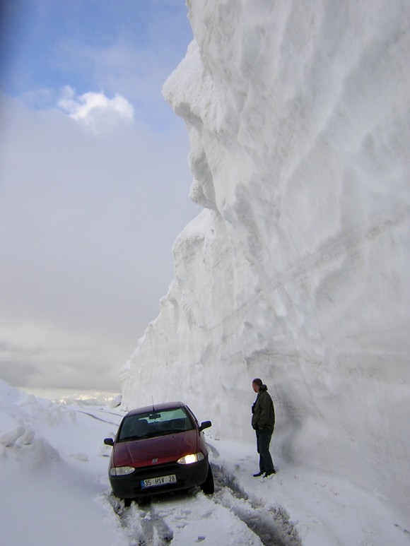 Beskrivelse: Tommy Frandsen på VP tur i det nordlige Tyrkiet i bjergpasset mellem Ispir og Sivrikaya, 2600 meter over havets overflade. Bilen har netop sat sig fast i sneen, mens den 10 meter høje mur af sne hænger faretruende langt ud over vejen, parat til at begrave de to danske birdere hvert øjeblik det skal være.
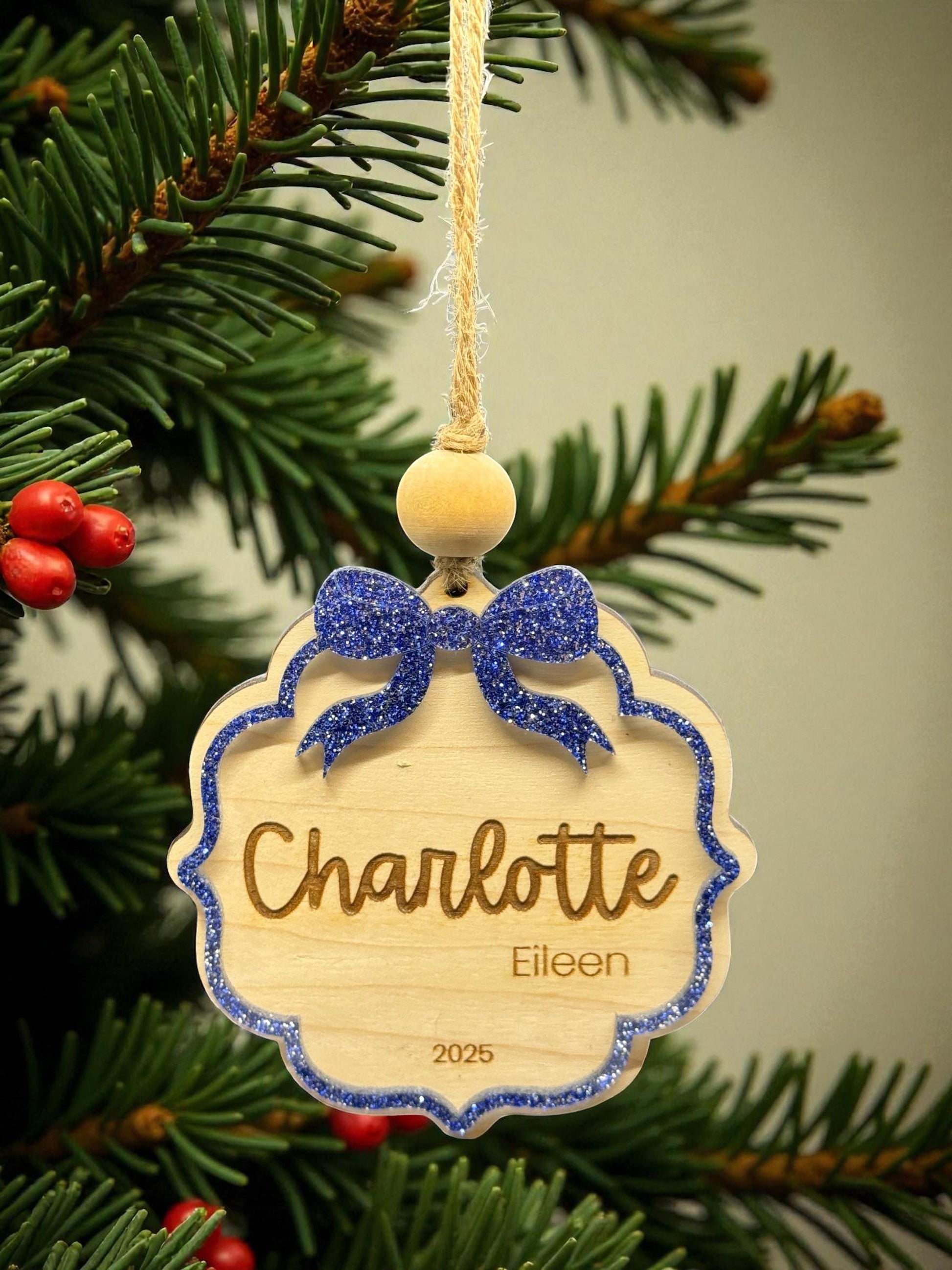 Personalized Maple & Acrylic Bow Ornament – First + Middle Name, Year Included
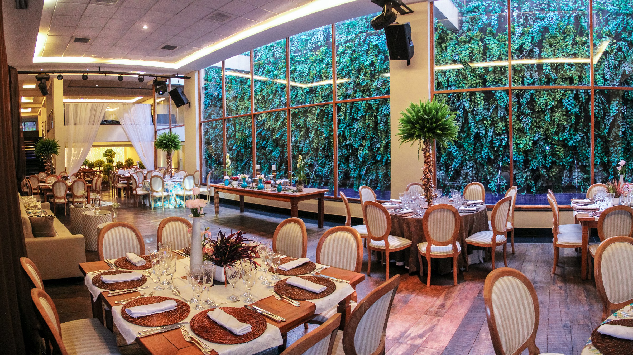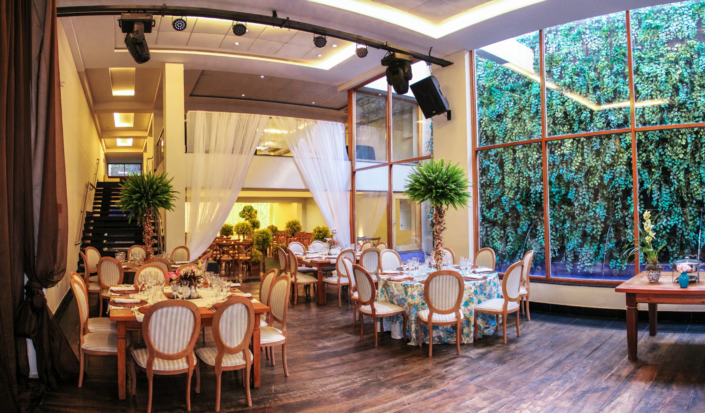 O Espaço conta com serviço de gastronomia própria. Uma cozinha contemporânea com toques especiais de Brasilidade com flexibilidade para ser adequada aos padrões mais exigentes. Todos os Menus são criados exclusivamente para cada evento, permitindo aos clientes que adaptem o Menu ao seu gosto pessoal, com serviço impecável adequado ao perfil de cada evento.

——

__Description of the task__
Please return only the lines from the one holding "Personalized Maple &" through the end of the data, both ends included; do not copy any pictures.

__Answer section__
 Personalized Maple & Acrylic Bow Ornament – First + Middle Name, Year Included
 O Espaço conta com serviço de gastronomia própria. Uma cozinha contemporânea com toques especiais de Brasilidade com flexibilidade para ser adequada aos padrões mais exigentes. Todos os Menus são criados exclusivamente para cada evento, permitindo aos clientes que adaptem o Menu ao seu gosto pessoal, com serviço impecável adequado ao perfil de cada evento.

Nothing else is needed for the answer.